Generative engines don’t crawl the web the way humans browse it. They aren’t reading copy top to bottom; they’re parsing structure, semantics, and relationships between pieces of content to understand meaning. That’s why GEO is less about keywords and more about architecture.
“The impact is in how the content is organized,” Kurtz said. “One way forward is vectorizing website content so that it can be retrieved semantically, not just by keywords.”
Instead of short, keyword-heavy queries, people are now typing full, conversational questions.
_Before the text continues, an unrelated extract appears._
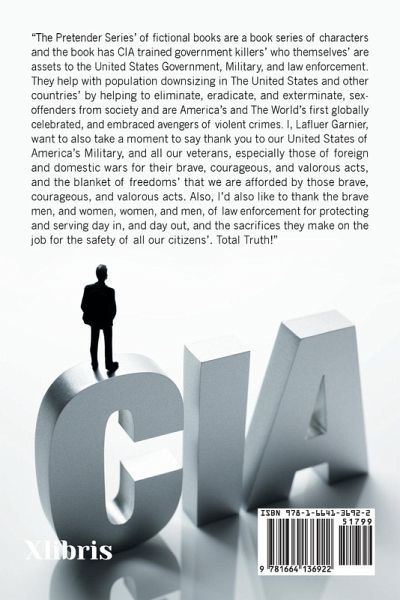 "The Pretender Series' of fictional books are a book series of characters and the book has CIA trained government killers' who themselves' are assets to the United States Government, Military, and law enforcement. They help with population downsizing in The United States and other countries' by helping to eliminate, eradicate, and exterminate, sex-offenders from society and are America's and The World's first globally celebrated, and embraced avengers of violent crimes. I, Lafluer Garnier, want to also take a moment to say thank you to our United States of America's Military, and all our veterans, especially those of foreign and domestic wars for their brave, courageous, and valorous acts, and the blanket of freedoms' that we are afforded by those brave, courageous, and valorous acts. Also, I'd also like to thank the brave men, and women, women, and men, of law enforcement for protecting and serving day in, and day out, and the sacrifices they make on the job for the safety of all our citizens'. Total Truth!"

Semrush says the average Google search is just four words long, while ChatGPT prompts average around 23.
“The first step is to create an entity map that outlines what content you need,” she said. “Then you must create content related to the entity map that needs to be accurate, high-quality, and technically optimized using semantic structure, site schema, and clean markup for AI to interpret.”

WP Engine has already started applying this strategy to its own site, using itself as a live test case to guide customers and agencies through the GEO visibility shift. The team has built out an entity map and begun updating content across the site to align with AI-friendly structure and semantics.
“The nuance here is that a website needs to still be visually clear and appealing for the humans that are still coming to the site, but also has structured data for agent visitors,” Kurtz explained.
It’s an interesting moment for hosts to play a bigger role in a space they already clearly influence. In a world where 99.9% uptime and SSL certificates were differentiators, they’re expected now.
The next differentiator will be GEO-readiness: platforms that support advanced schema, vector databases, clean APIs, and fast global delivery. These are the features hosts can standardize and simplify for their customers.
“At its core, the website is still the anchor. It’s the one place a company controls end-to-end,” Kurtz said. “The place where discovery turns into trust, and trust turns into action. In a generative world, future-proofing that foundation matters more than ever.”